Р. О. Якобсон писал о том, что Хлебников трансформирует настоящее в дельную временную реальность[45]
. Более того, Хлебников свободно переходит из прошлого в будущее, из одной реальности в другую, представляя время настоящим — цельным и неделимым. (Разительная перекличка с мыслью, высказанной T. С. Элиотом в «Четырех квартетах»: «Если время всегда настоящее, / Значит время непреходяще».) В прозе Хлебникова лирическому герою «нет застав во времени. Ка ходит из снов в сны, пересекает время и достигает бронзы (бронзы времен). В столетиях располагается удобно, как в качалке»[46]. Любопытно, что когда герой встречается с ученым 2222 года, тот, узнав по году, выбитому на монете, из какого времени прибыл пришелец, заметил: «Тогда еще верили в пространство и мало думали о времени»[47]. Как писал М. Поляков в предисловии к «Творениям», «переходы из одного времени в другое, из одной эпохи в другую автобиографического героя Ка дают картину действительности в двух измерениях: сегодняшнее, бренное, и вечное. Ка, сопровождая героя, ведет его из ежедневности, автобиографической реальности в прошлое и будущее человечества. Итог: „После купания в водах смерти люд станет другим“»[48].Хлебников называл себя «будетлянином». Футуристы, взявшие многие идеи Хлебникова на вооружение, по-моему, поверхностно и не до конца понимали его, за исключением, быть может, Алексея Крученых, еще одного новатора, поглощенного, однако, исключительно языком и литературными баталиями. В статье «Наша основа» Хлебников писал, что «словотворчество есть взрыв языкового молчания, глухонемых пластов языка»[49]
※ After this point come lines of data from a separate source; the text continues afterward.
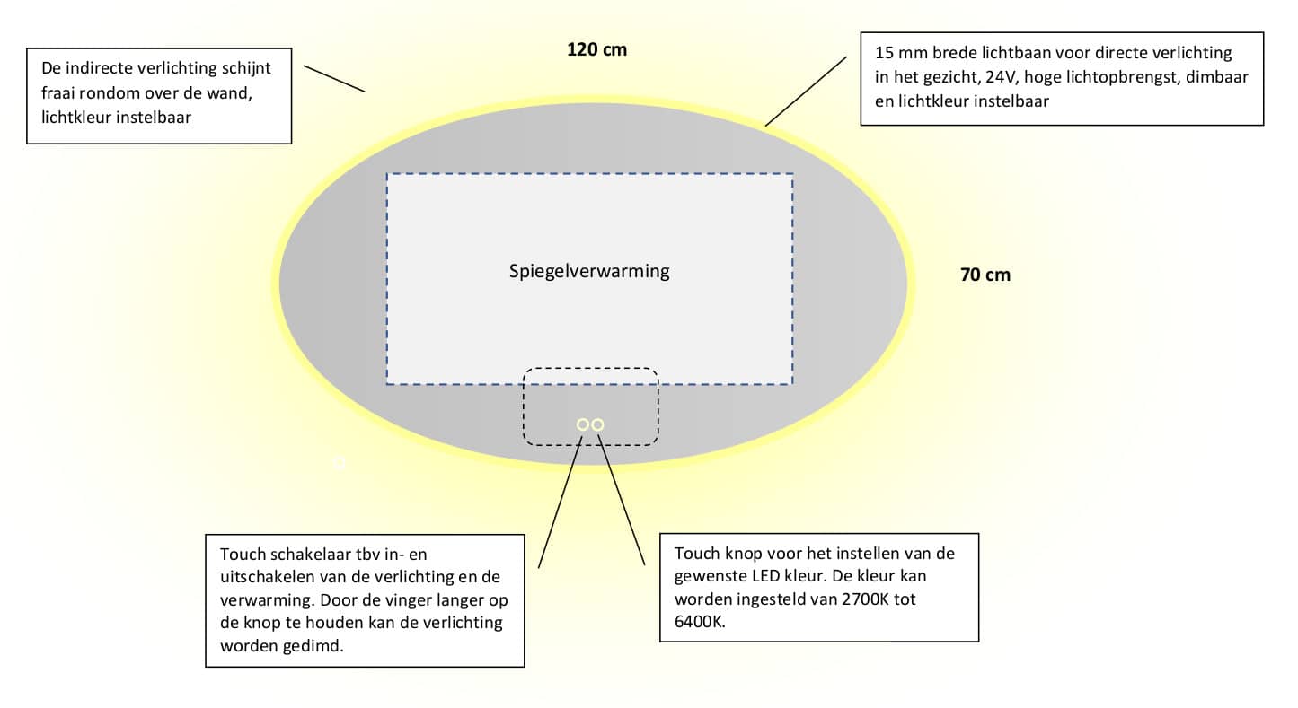 De 24V hi-power verlichting is dimbaar middels een druk op de touch schakelaar, zodat de gewenste lichtsterkte naar eigen wens kan worden ingesteld. Daarnaast kan met een tweede touch schakelaar de juiste lichtkleur naar wens worden ingesteld. Uiteraard is ook deze ovale spiegel voorzien van spiegelverwarming, handig!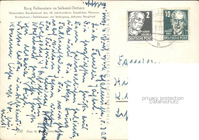 alte Postkarte Falkenstein Harz Burg im Selketal Historisches Baudenkmal 12. Jhdt. Museum postalisch gelaufen Erhaltung siehe scans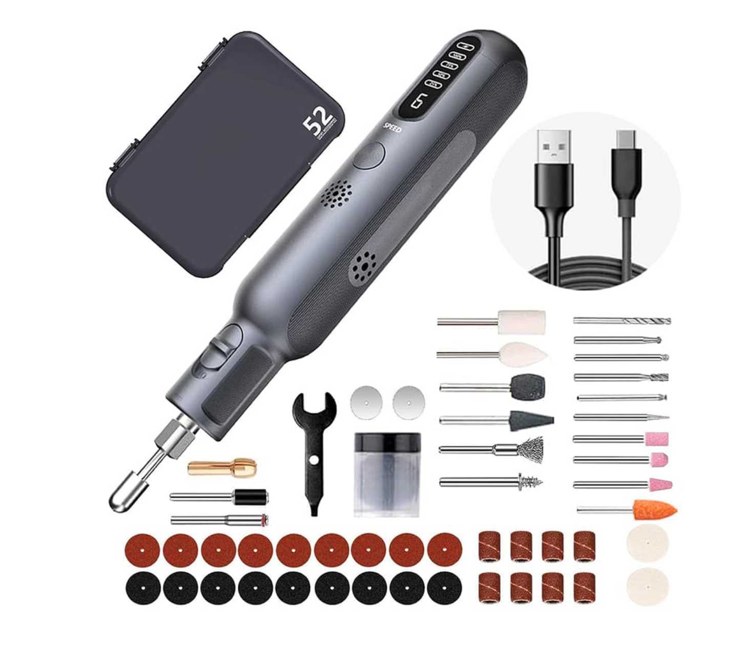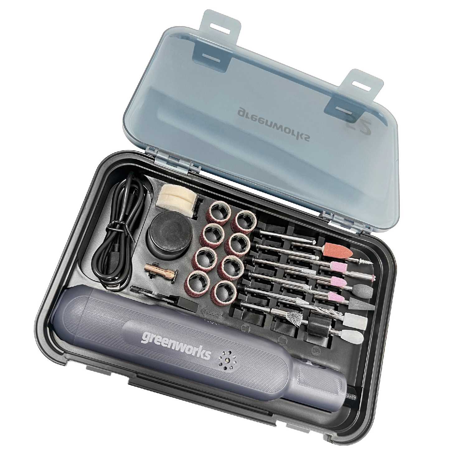 | Комплектация : | гравер, цанговый патрон 2.4 мм и 3.2 мм, набор оснастки 52 шт., кейс, кабель USB-C, руководство пользователя |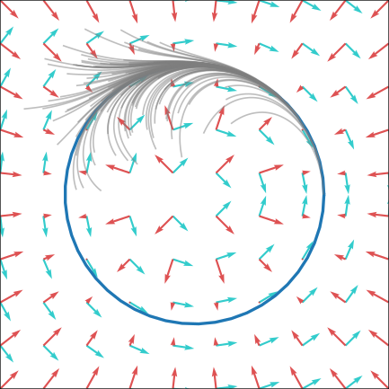 $$ \dot{\vxi} = \begin{bmatrix}\dot{\vs} \\ \dot{\vmu} \end{bmatrix} = \textcolor{#FF3E3E}{\underbrace{-\lambda \mJ_c^{\dagger}c(\vxi)}_{\text{Contraction Term}}} + \textcolor{cyan}{\underbrace{\mathcal{B}_c \va}_{\text{Propogation Term}}} $$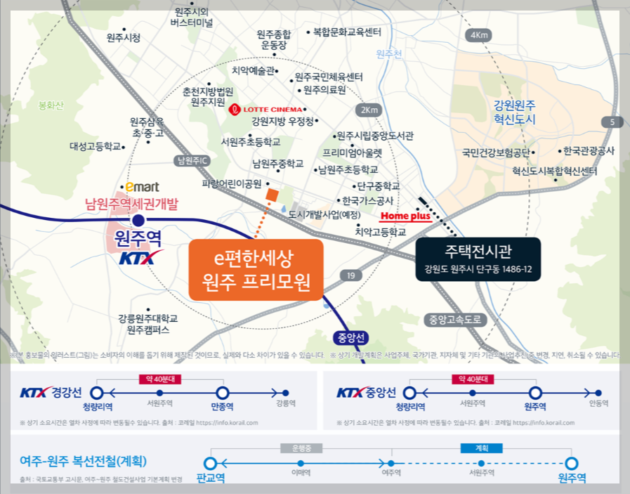 서울 접근성이 뛰어난 쾌속 교통망과 원주의 돋보이는 미래가치와 완성된 생활 인프라를 갖춘 뛰어난 입지, 교통, 교육, 생활편의, 공공시설가지 완벽한 입지를 누릴 수 있습니다.(남원주 IC, 이마트, 원주역 KTX)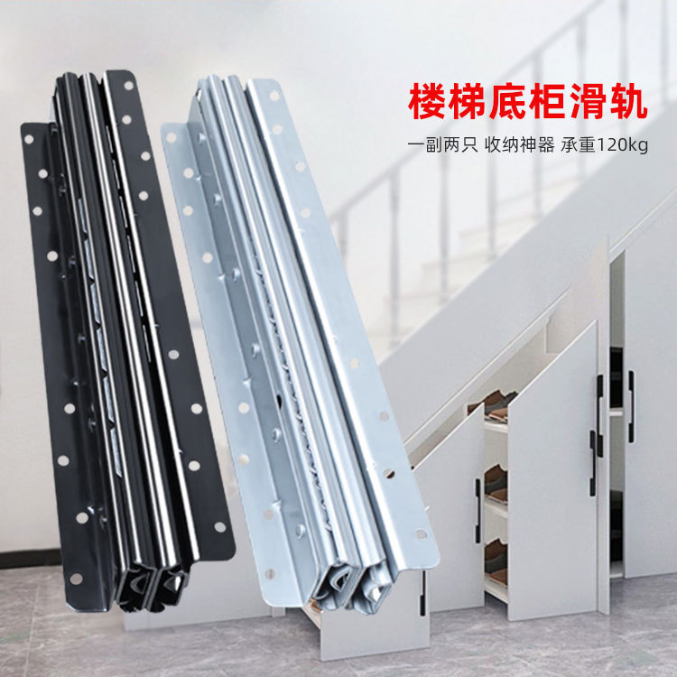 Rel bawah tangga, rel geser kabinet bawah tangga tebal, rel super berat, tarik teleskopik, tiga bagian, panduan kabinet sepatu, rel geser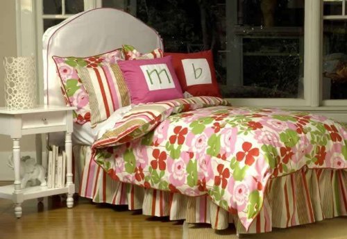 #The four piece full or queen bedding set includes a duvet, bed skirt and two standard shams. The three piece twin set includes includes a duvet, bed skirt and a standard sham.Fabrics are cotton and machine washable.Additional Information: Maddie Boo Bedding is bedding custom and hand made here in the United States. The fabric Maddie Boo uses is of top quality, guaranteeing a perfect, and comfortable bedding set every time. Because Maddie Boo Bedding is made to order, please allow 4-6 weeks for delivery. Red, White, Pink. With Cotton fabric.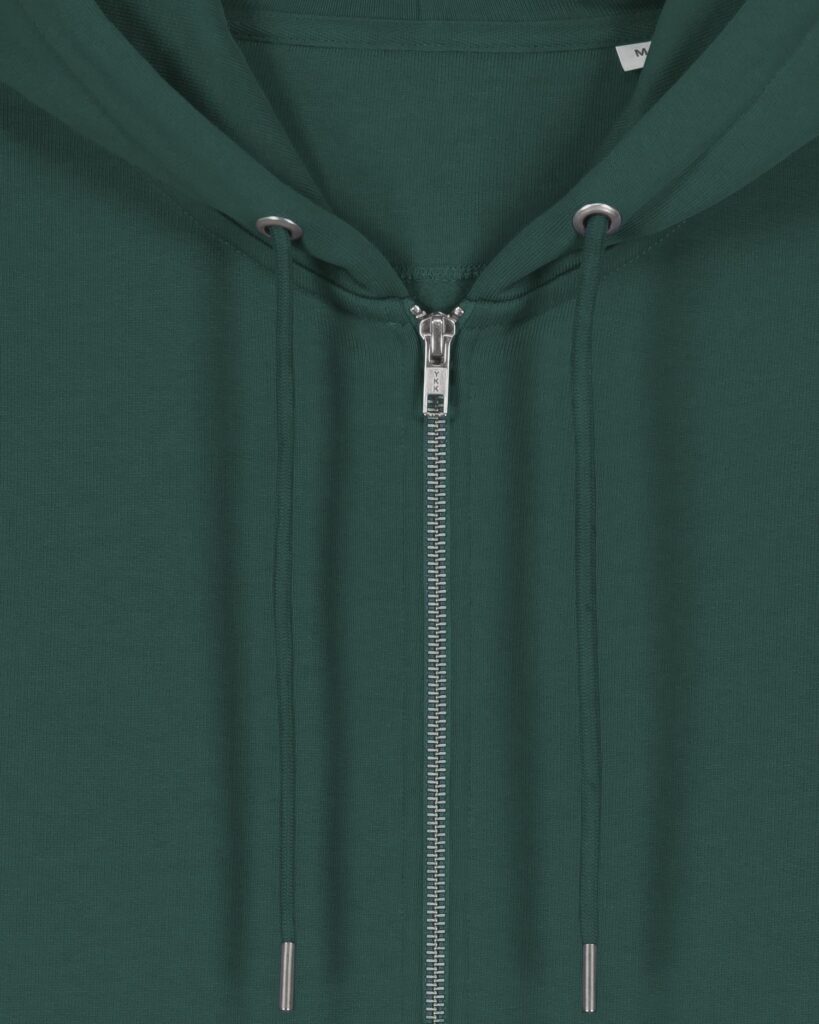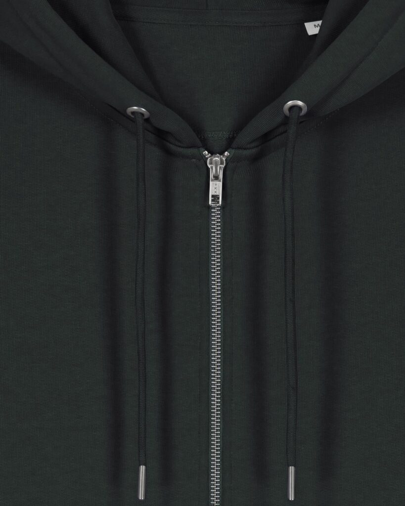 Exposed metal zip at centre front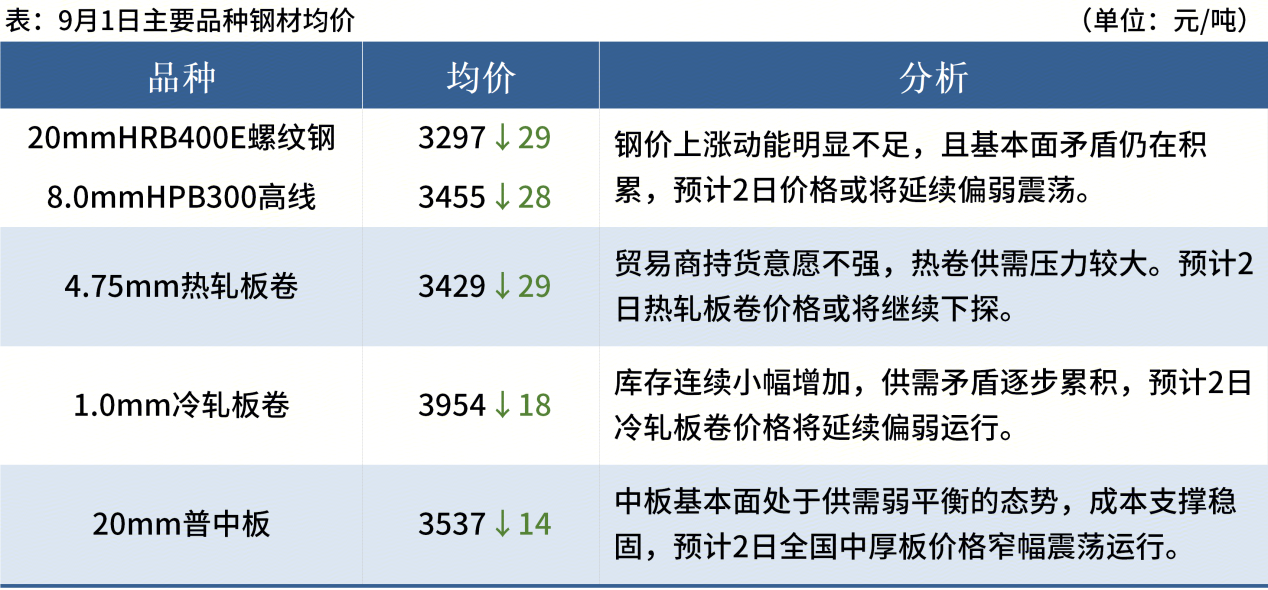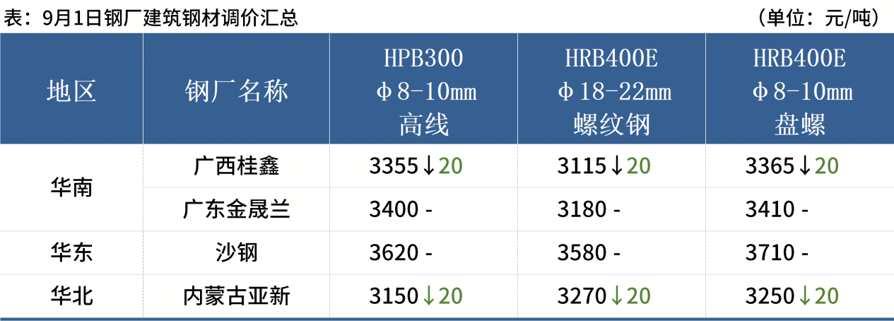 ◎ 9月1日,中天鋼鐵出臺9月上旬價(jià)格,螺紋鋼、線(xiàn)材、盤(pán)螺價(jià)格持平。華東螺紋鋼3400元/噸、線(xiàn)材盤(pán)螺3600元/噸。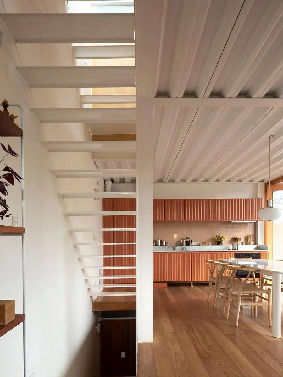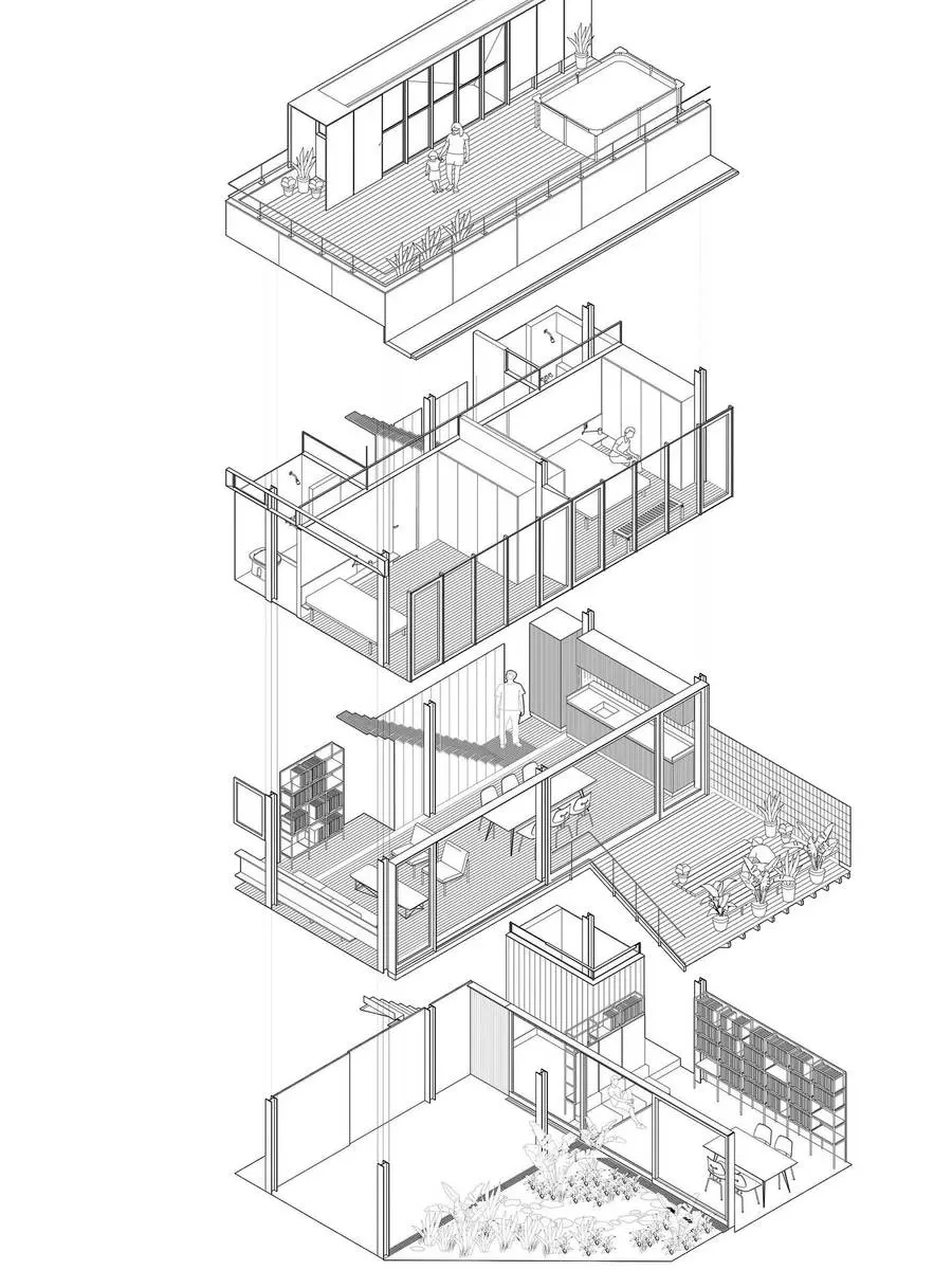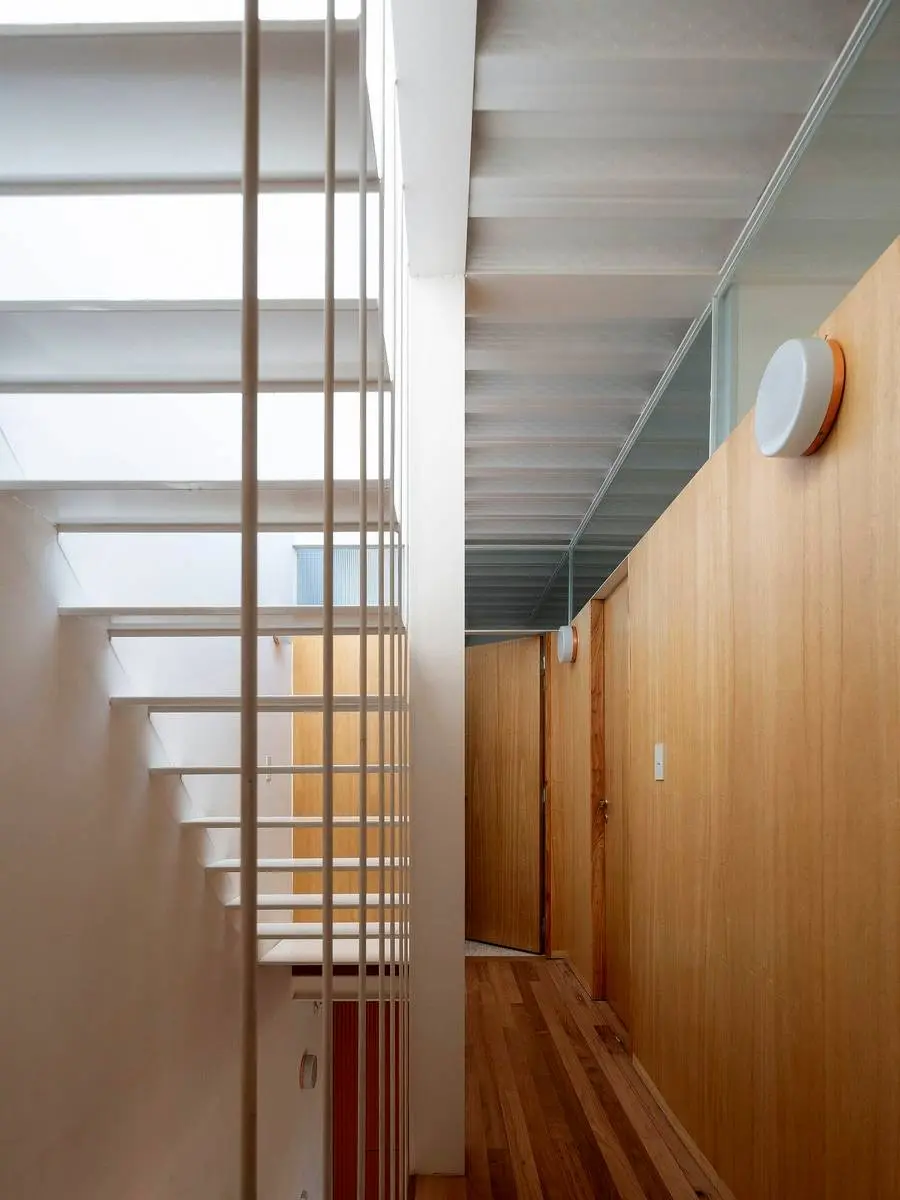 ساختار این خانه در سه طبقه طراحی و اجرا شده است و ستونها و عناصر اصلی آن، از پروفیل فولادی HEB 160 ساخته شدهاند. این پروفیل فولادی، عاملی است که تمامی تصمیمات سازهای را نظم بخشیده و سازماندهی میکند. جهتگیری پنجرهها به شکل هماهنگ و متناسب با انحنای ورقهای موجدار کف، اجرا شده است که ارتباطی بسیار منسجم و زیبا را در ساختار بنا به نمایش میگذارد.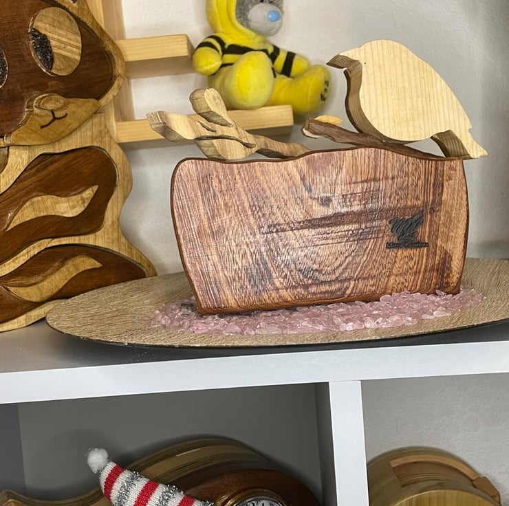 Discover the perfect blend of nature and craftsmanship with this extraordinary bandsaw box, handcrafted from African sapele wood. A finely carved robin seems to gently rest on a branch sculpture, with the natural beauty of the wood enhanced through the technique of pyrography, which highlights the unique grain and texture.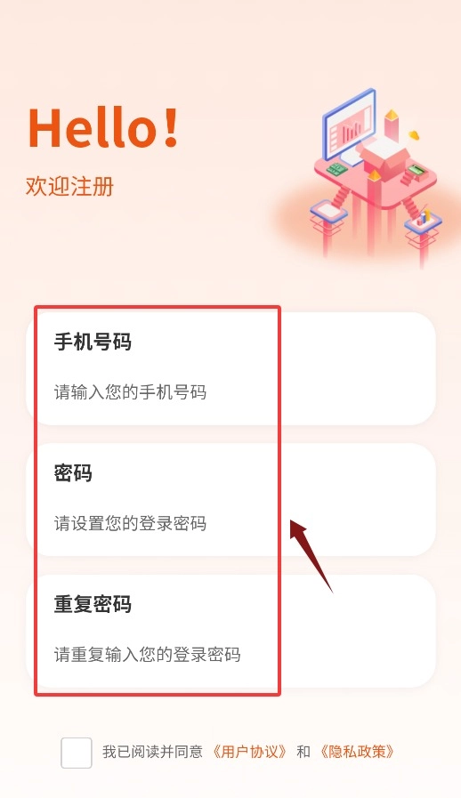 2、在注册页面填写手机号码并设置登录密码,确认后完成账号注册。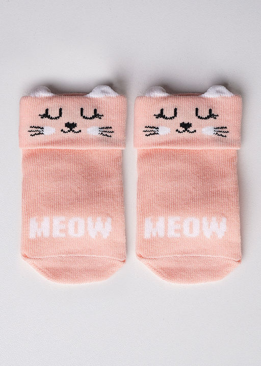 ясельные носки для девочки с мордочкой кошки и 3Д ушками, по следу нанесены силиконовые стоперы 80% хлопок, 18% полиамид, 2% эластан

.Потребность расширить границы языка означает необходимость выйти за очерченные пределы — к новым смыслам. Так появляется известное Хлебниковское противопоставление «дворяне» — «творяне», то есть творцы. Так появляются новые образы, рождающие новые слова, а новые слова, неологизмы, рождают новый смысл, как, в известном стихотворении «Кузнечик»:
Деепричастие «крылышкуя» необычно, но удивительно зримо передает полет кузнечика, о котором сам Хлебников писал, что оно «потому прекрасно, что в нем, как в коне Трои, сидит слово „ушкуй“ (разбойник). Крылышкуя скрыл ушкуя деревянный конь»[50]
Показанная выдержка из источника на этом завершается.